Hungry
Dec 11 2025
All the times I’ve said I’m hungry
but didn’t know I wasn’t.
Hunger, not appetite.
Not a growling stomach.
Not something one says.
And not just habit
— the Pavlovian state of mind
when mealtime comes
and you feel desire —
but rather, truly deprived.
We debase language
while sneering at the suffering
of those who really are.
The kids with toothpick arms
and dully staring eyes,
the loose pale skin
distended gut.
And the babies, most of all,
who are too weak to cry,
nursing hungrily
at dry withered breasts.
You can only survive 3 days
without water;
but deprived of food
a couple of months
— which is hardly skipping lunch
or eating late.
And long enough without
or so I’m told
the craving subsides;
you hunger
but more as background noise
than blaring trumpets.
Sure, you dream of food
and imagine great meals,
but the craving is muted.
It’s as if the body
out of self-preservation
has resigned itself to fate,
conserving energy
by suppressing its drive
to seek food out.
So “hungry” to eat,
“starving” cuz you missed a meal?
And even if you actually were
it doesn’t feel
the way you think it would.
Anyway, we’re too well fed
to get close.
The fussy eaters clearly aren’t.
Growing kids sort of are,
but they’re still inexplicably picky
— plain noodles
and frozen fish-sticks
all they’ll consent to eat.
While adolescent boys can’t be trusted;
they’re bottomless
and exceptions shouldn’t count.
I know . . . I was one
once, long ago.
Hunger
is the salt and spice of food;
when you’re hungry
everything tastes good.
Which is how you truly know.
You’ll eat uncooked rice
and animal fodder,
chew young leaves
to fool yourself,
gnaw on roots
for as long as you can dig.
Pick maggots
from infected wounds,
then scarf them down
like prized delicacies.
So tell me
are you hungry now?
In the prosperous West, we suffer from both obesity and egregious food waste (up to 40% wasted between the farm field and the back of the fridge).

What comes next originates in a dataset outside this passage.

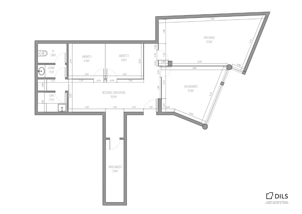 Amplo escritório com 87 m2, localizado na prestigiada Avenida de Cascais, no Bairro do Rosário.
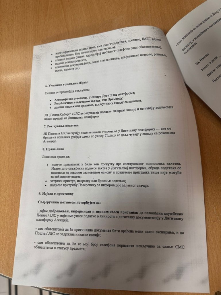 Reč je o obrascu koji služi za davanje pristanka zaposlenom u JP "Pošta Srbije" i JLS da, u ime podnosioca zahteva, unese njegove podatke o ličnosti u Digitalnu platformu za sprovođenje postupka evidentiranja nepokretnosti.

Our bodies’ satiety signals no longer work. We snack all day long, and mostly on ultra-processed food. Which just makes us crave more and things worse.
Hunger is a state of mind, and we can easily go all our lives never once having truly felt it. Yet how often do say we’re “hungry”? A classic case of word inflation. And unworthy of the well-fed and ungrateful.